Blogger Zappalorti said...

A non-legal narrative written in a dramatic, testimonial style.

-- Andrew S.

How Learning to Trust the Lord Jesus Christ Saved My Life From a Dangerous Cult!

He reached down from on high and took hold of me; he drew me out of deep waters. He rescued me from my powerful enemy, from my foes, who were too strong for me. They confronted me in the day of my disaster, but the LORD was my support. He brought me out into a spacious place; he rescued me because he delighted in me. Psalm 18: 16-19; NIV

I tried to reason with the officer as he became angry and seemed about ready to arrest me. “You’re starting to make me mad. You need to leave right now,” said the police officer.

“That’s right, we’re taking over,” jeered Bahti’ Yah Yisrael, member of the notorious Nation of Yahweh cult, “we’ll work with anyone to get what we want!”

“Oh my God! She’s having you arrested,” said the lady from across the street who wandered in to get a couple loaves of free bread. I told her not to worry about me and I quietly left the warehouse. My portrait on the 36 ft. mural on the building’s front shed a tear as I said good-bye to my fellow volunteers for the last time and fled Rochester, New York.

* * *
I was 21 when I moved to Rochester in 1998 after my car broke down while I was visiting my brother. I stayed for almost 10 years; I started a nonprofit free meal program that went on to provide a variety of services to the urban poor. I motivated other young adults to volunteer to cook free meals for the homeless in city parks. I quickly became a weekend warrior fighting against hunger for over four years until I got laid off from my day job at an emergency shelter for teenagers. In 2003, I leased a warehouse and allocated all of my personal resources, dedicated every waking moment to launching my food distribution program.

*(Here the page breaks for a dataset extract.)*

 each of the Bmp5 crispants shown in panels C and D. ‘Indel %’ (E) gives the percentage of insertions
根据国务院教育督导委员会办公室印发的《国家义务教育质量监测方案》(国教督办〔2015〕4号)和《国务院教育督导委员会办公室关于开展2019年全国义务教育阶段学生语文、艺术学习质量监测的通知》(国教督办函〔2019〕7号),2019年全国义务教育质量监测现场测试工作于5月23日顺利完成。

Through sacrifice, repeated media exposure and hard work, I began to make progress: my small trucking operation provided over 10,000 lbs. of groceries to over 500 people per week and bought a warehouse to launch a bike recycling program for kids. I even secured federal funding for “Friends Helping Friends” through the “faith-based” initiative for excellent grassroots nonprofits.

I was an ex-Catholic that was anything but “saved” when I began my ministry. I was an out-of-control atheist that flaunted my lack of faith and dissolute lifestyle; I gravitated towards humanitarian work to fill a void in my life. As I worked exhausting hours for no pay, I wondered why was I doing this? I often fell asleep feeling confused and lost. After talking with a neighborhood pastor, she told me that even though I didn’t believe in him, God controls me like a marionette puppet; this was the most reasonable explanation I had ever heard and it made total sense to me! One day the pastor took me to bring a small shipment of groceries to a single mother whose daughter had been shot
several times and couldn’t afford to buy the groceries they needed for her to heal. As I watched the pastor talk with the mother, I saw God working through her and I’ve been a believer ever since. Even though I became “saved,” I still didn’t understand much about God or how to listen for his instruction. Little did I know, my life would soon depend on my ability to discern and follow God’s will.

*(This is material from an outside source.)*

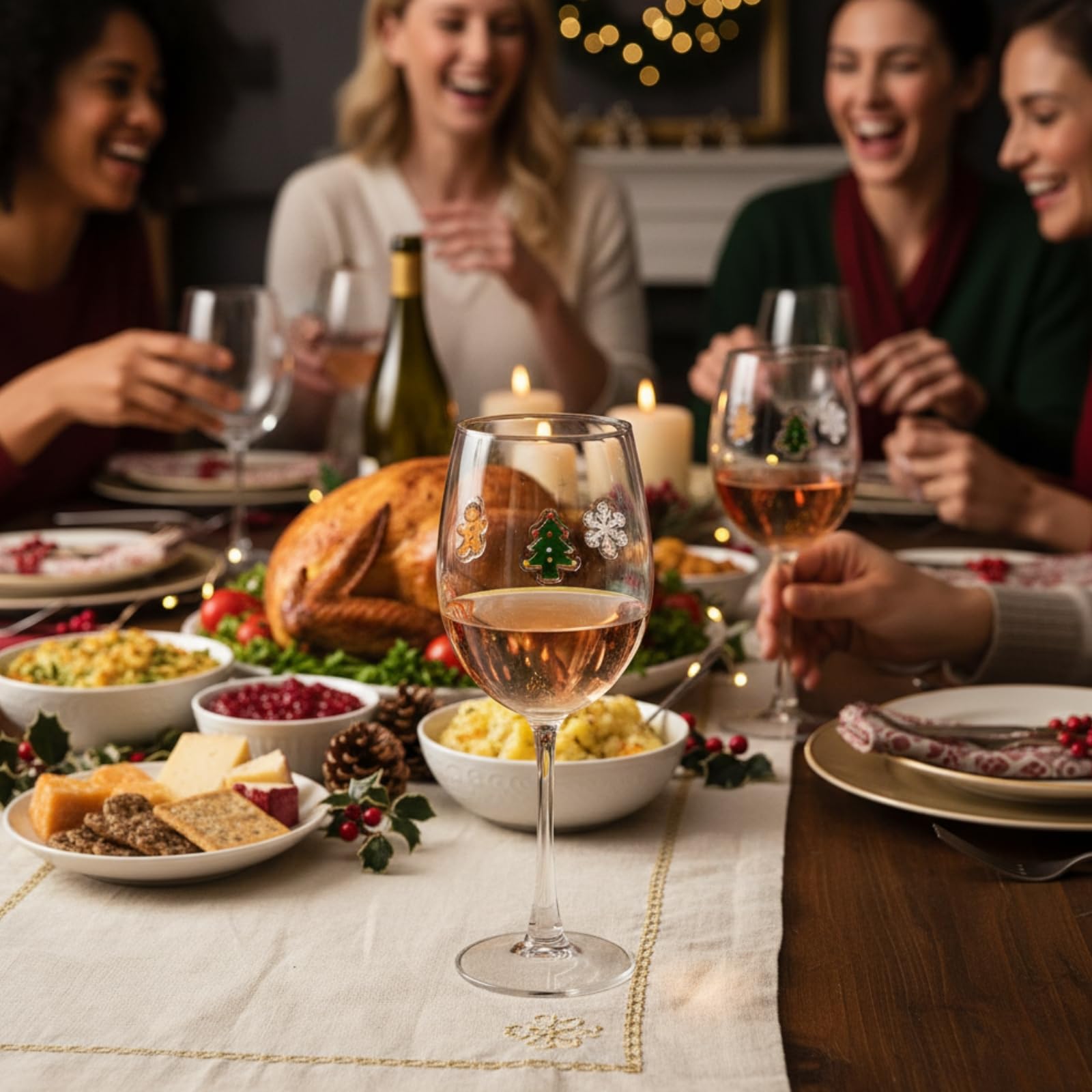 Stemmed Christmas Icon Glass Cups - 14 oz Snowman Gingerbread Man Candy Cane Xmas Tree Stemless Wine Glasses Red Large Wine Icon Juice Glasses Drinking Cups for Holiday Party Supplies & Christmas Gift

In 2006, I couldn’t secure the needed funding for the organization. I had purchased two warehouses; one warehouse was for receiving and redistributing food products, as well as coordinating a thrift store, other warehouse was for receiving, repairing and redistributing hundreds of old bicycles. The organization relied on my fundraising efforts; overwhelmed with work, a series of controversies and personality conflicts had prevented me from securing funding to pay for the organizational expenses. Our board members resigned as the mortgages for our warehouses became delinquent and the lenders began to threaten foreclosure. As I recruited and assembled a new board of directors, a cult member, saw her chance to seize the company’s assets.

* * *

We worked in Rochester’s infamous “crescent,” the highest crime and poverty area in the City. We would regularly clean up drug paraphernalia and bullets, while watching the sales of crack-cocaine. When I met Ms. Bahtiyah Israel, who presented as a hard working, clean living, community-oriented black lady who lived in the neighborhood, I thought I’d found a great person to work with.

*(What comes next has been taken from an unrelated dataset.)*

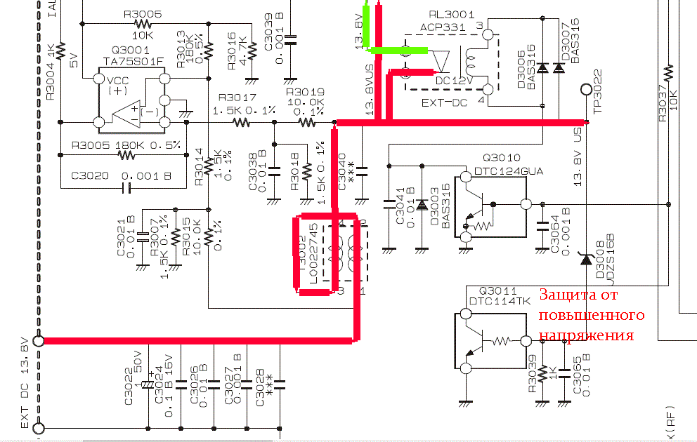 В ремонте чистокровный японский КВ/УКВ трансивер (рация) Данный трансивер эксплуатировался на таком дальнем Севере нашей страны, где кроме радио никакой другой связи нет. Так что в данном случае это не радиолюбительское хобби, а жизненная необходимость. Но вновь прибывшие на объект сотрудники, по чему то решили запитать его не от 12 Вольт, а от 24. После этого он перестал подавать признаки жизни. Хотя, что интересно, аппарат крайне защищенный от таких происшествий. Короче, получилось как в том анекдоте про японскую пилу. Открываем верхнюю крышку, а там... Настоящая красота радиоэлектроники - мощные ВЧ транзисторы с позолоченными крылышками-выводами, ровные ряды аккуратных катушек и релюшек различных размеров. Тут находится силовая часть радиостанции. После безликих плат от современных ноунейм телевизоров, тут просто произведение искусства. Внешний осмотр ничего не дает, приступаем к анализу схемы благо она есть в свободном доступе. Начинаем от входа питания. Красным на схеме выделе

Bahtiyah would always talk about the Nation of Yahweh, an intentional community that she used to live at in Miami, FL. I found a number of disturbing stories about the Nation of Yahweh on the internet; websites told the story of a bizarre black supremacist cult that amassed a business empire of hundreds of millions of dollars before the leaders were abruptly convicted on charges of orchestrating many grisly counts of murder. When I confronted her, Bahtiyah responded that people in the government wanted to seize their assets, so prosecutors framed the leaders of the Nation of Yahweh and threw them in jail on false charges based on circumstantial evidence and gave me propaganda describing a virtuous religious sect that had been wrongly persecuted. Since Bahtiyah seemed kind-hearted and appeared to like the company of white people, I figured Bahtiyah was telling the truth; after all, the negative accounts seemed so outlandish and macabre. Bahtiyah and I seemed to run the large volume food distribution program together at times and I’d grown to rely on her presence. After two and half years of working together, Ms. Israel changed the spelling of her name, became mean-spirited and seemed to seethe with anger; the cheerful and polite lady whom I once knew had disappeared. One day, Bahti’ Yah came into the food cupboard and called some of the other volunteers to witness her performance: she accused me of trying to kill her by cutting her brake line (in a van I gave her), and began to pray for me, a demonic force in her eyes, to leave.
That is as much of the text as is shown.